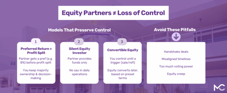 Raising capital is part of scaling any real estate business—but what happens when the check comes with strings attached? For many first-time syndicators, aspiring developers, or mid-tier operators, the idea of bringing in an equity partner often feels like an all-or-nothing proposition: you get the capital, but lose control.
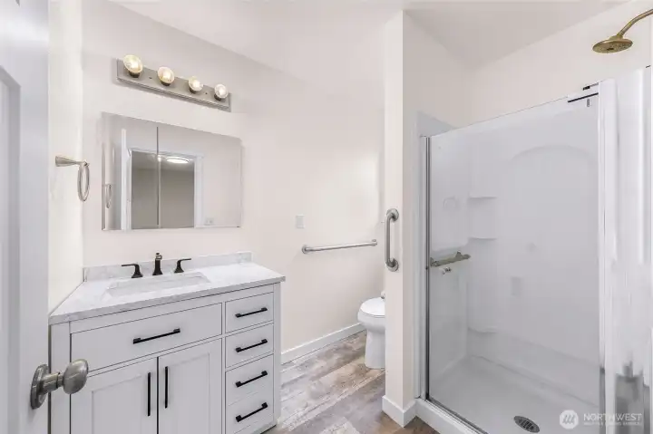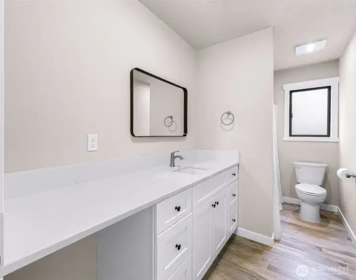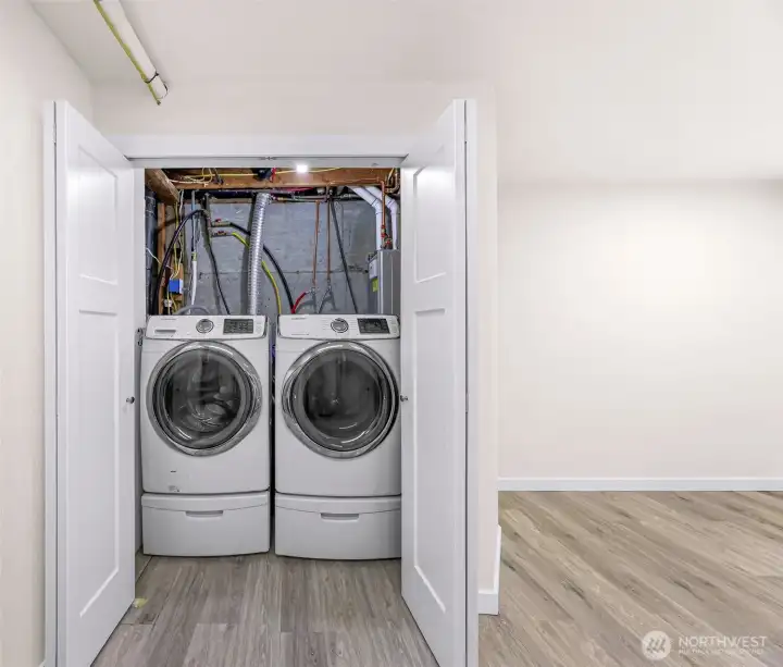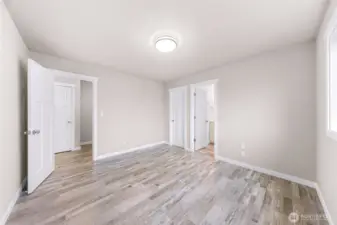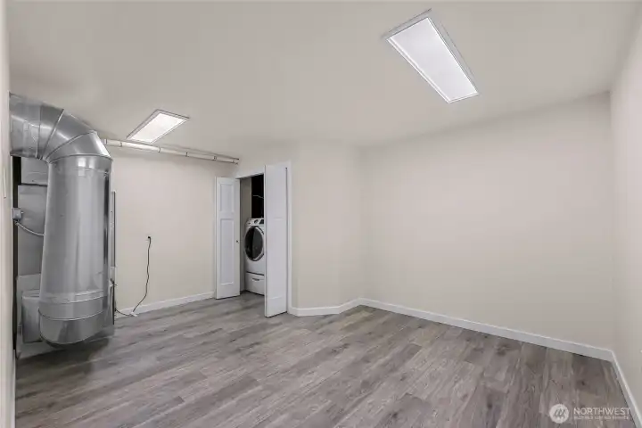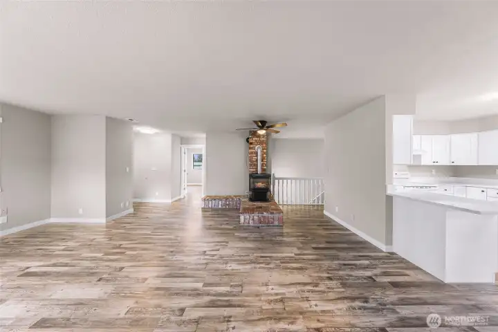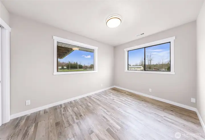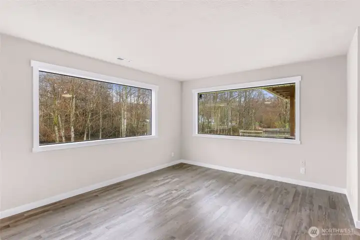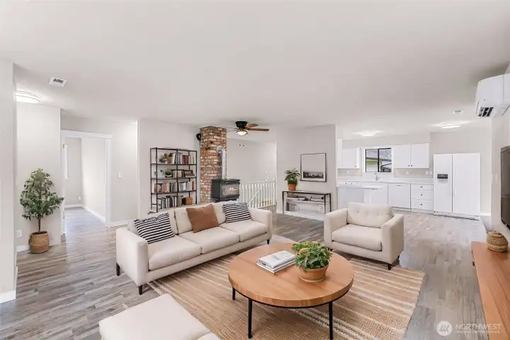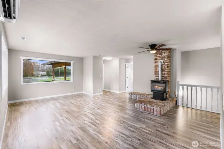 Fresh remodel this year on this 2504 square foot home on 18.5 acres( 2 tax parcels). New flooring, trim, appliances, paint, and quartz countertop. Main floor features 2 bds./1.75 bathrooms and downstairs extended living area or ADU has 2 bds., 2nd br. does not have a window. There is 1 bath, kitchen and separate entry. Property has a large pond(small lake) with a bridge and usable shoreline for fishing and launching kayaks or boats. Large red barn set up for animals and possible storage units as the 8.53 acre is zoned for light industrial. Heat and cooling comes from ductless mini-splits, forced air natural gas, and a free standing gas stove. This property has a lot going for it as far as uses. Rental property with 2 income producing living areas and barn rental, raising of animals as part of the property is fenced. Great location, halfway between Ferndale and Bellingham.
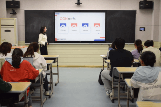 汇报结束后,评委冯慧敏老师在总结时肯定了本次验收答辩,“老员工创新创业训练计划项目是同学们锻炼自己、提高自己的一个很好的途径,今天各组的答辩准备都很充分,大部分同学都做出了实物成果,算是达到了预期的目标”,同时,冯老师也指出,“有的项目基于我们文科类专业做了调查报告、论文研究展示;有的项目是和理工科专业同学合作,成果展示形式需要借助一定的媒介,需要在展示形式这一方面稍加改进”。
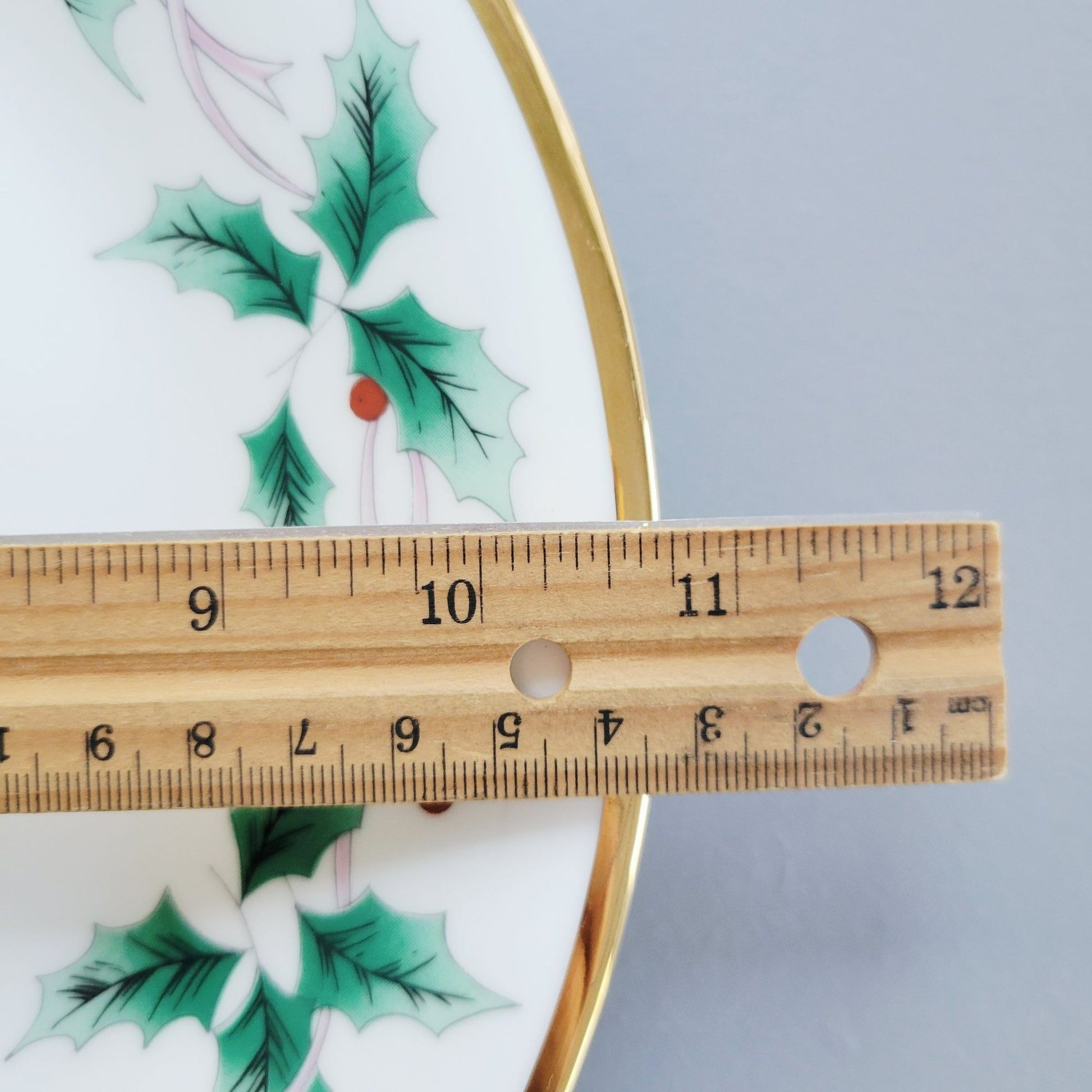 This exquisite Vintage Mikasa Ribbon Holly Dinner Plate features a charming holly and berry design with elegant gold trim, crafted in Japan. Perfect for holiday gatherings and collectors alike.
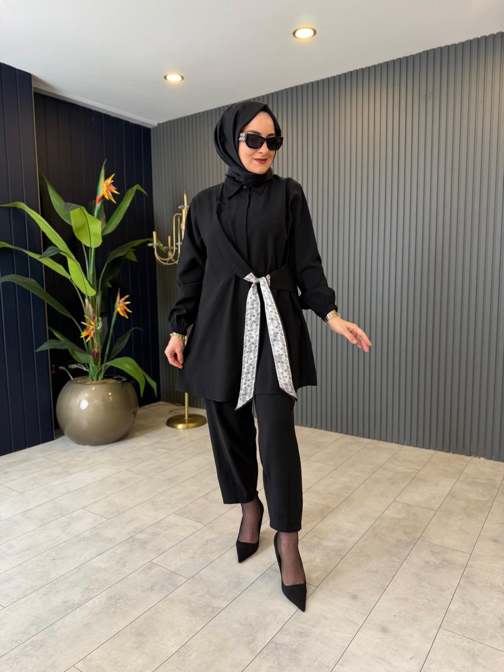 Fular Detaylı Tensel Pantolon Takım Siyah
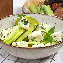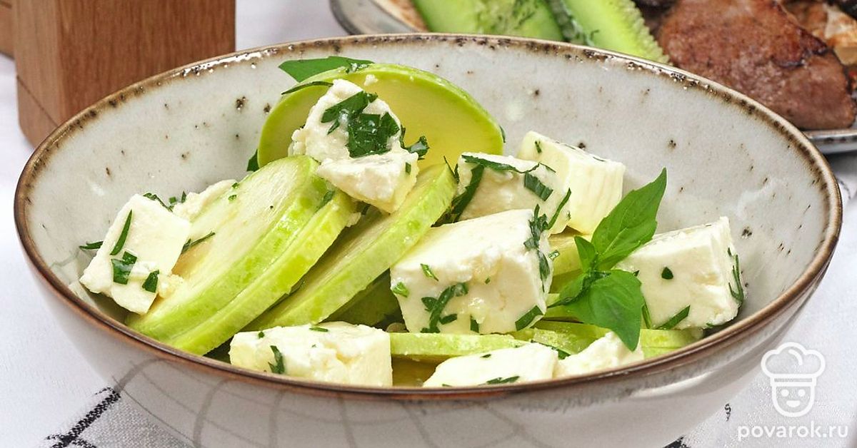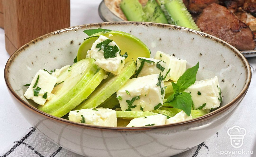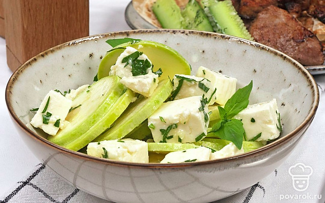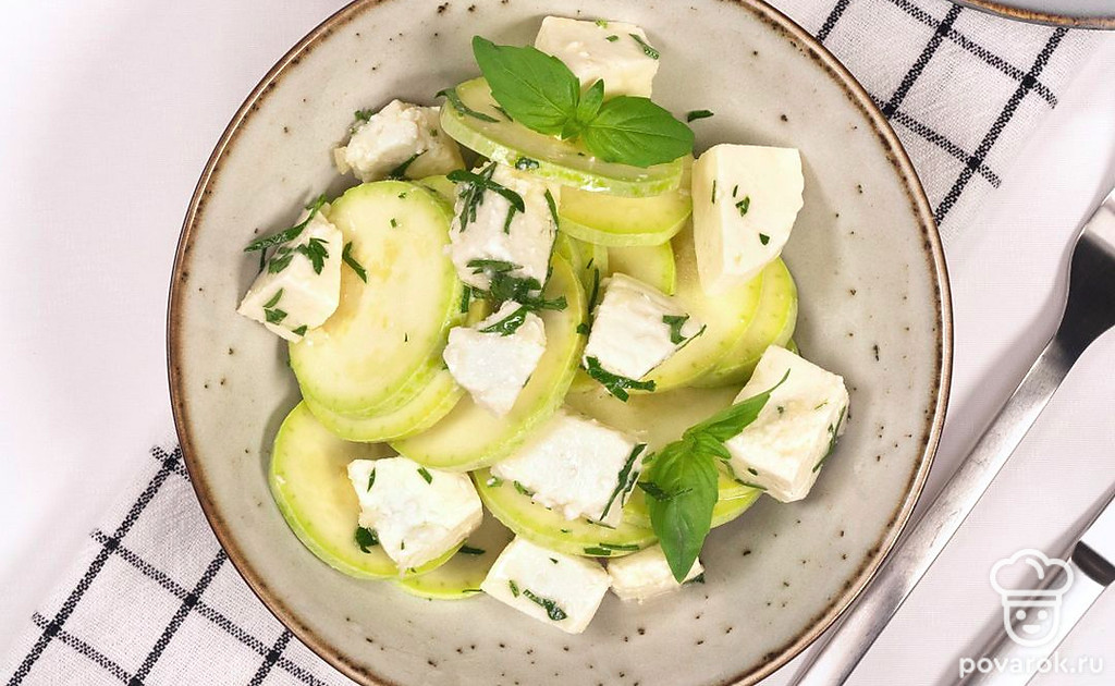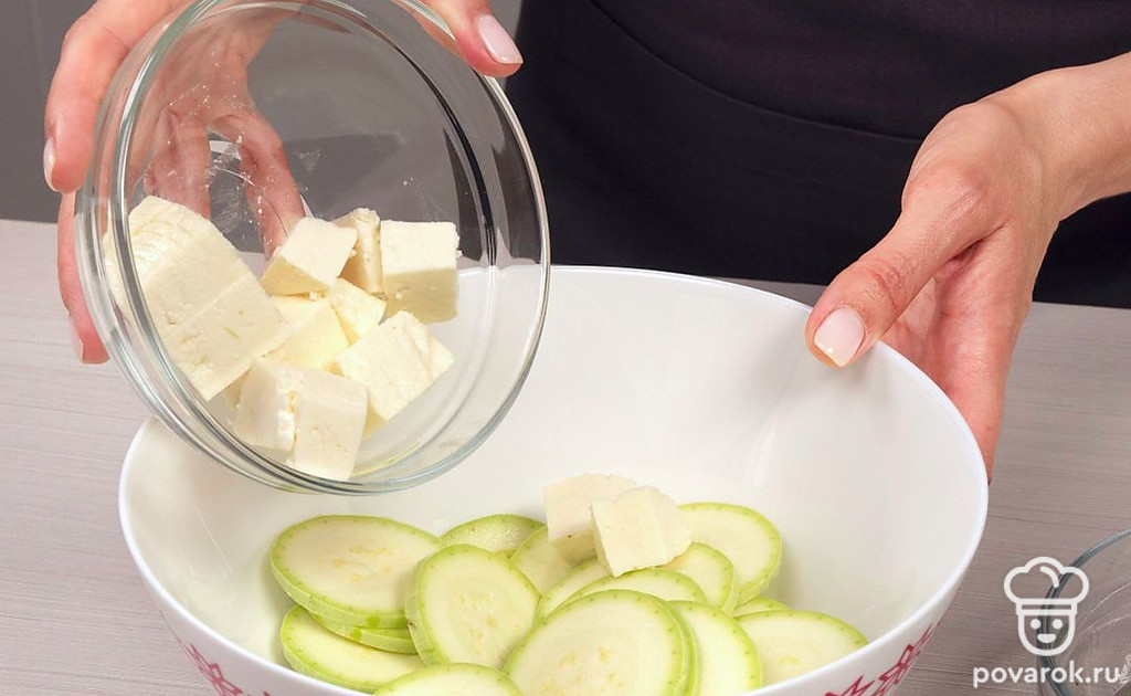 Подготовьте кабачки. Кабачок нарежьте тонкими кружочками. Адыгейский сыр нарежьте крупными кубиками. Смешайте в отдельной посуде кабачок и сыр.
※ ※ ※
▶ [ACTIVITY]:
Repeat only the lines from the beginning of the material through the line containing "汇报结束后,评委冯慧敏老师在", both ends kept, leaving pictures out.

▶ [WRITTEN RESPONSE]:
 Raising capital is part of scaling any real estate business—but what happens when the check comes with strings attached? For many first-time syndicators, aspiring developers, or mid-tier operators, the idea of bringing in an equity partner often feels like an all-or-nothing proposition: you get the capital, but lose control.
 Fresh remodel this year on this 2504 square foot home on 18.5 acres( 2 tax parcels). New flooring, trim, appliances, paint, and quartz countertop. Main floor features 2 bds./1.75 bathrooms and downstairs extended living area or ADU has 2 bds., 2nd br. does not have a window. There is 1 bath, kitchen and separate entry. Property has a large pond(small lake) with a bridge and usable shoreline for fishing and launching kayaks or boats. Large red barn set up for animals and possible storage units as the 8.53 acre is zoned for light industrial. Heat and cooling comes from ductless mini-splits, forced air natural gas, and a free standing gas stove. This property has a lot going for it as far as uses. Rental property with 2 income producing living areas and barn rental, raising of animals as part of the property is fenced. Great location, halfway between Ferndale and Bellingham.
 汇报结束后,评委冯慧敏老师在总结时肯定了本次验收答辩,“老员工创新创业训练计划项目是同学们锻炼自己、提高自己的一个很好的途径,今天各组的答辩准备都很充分,大部分同学都做出了实物成果,算是达到了预期的目标”,同时,冯老师也指出,“有的项目基于我们文科类专业做了调查报告、论文研究展示;有的项目是和理工科专业同学合作,成果展示形式需要借助一定的媒介,需要在展示形式这一方面稍加改进”。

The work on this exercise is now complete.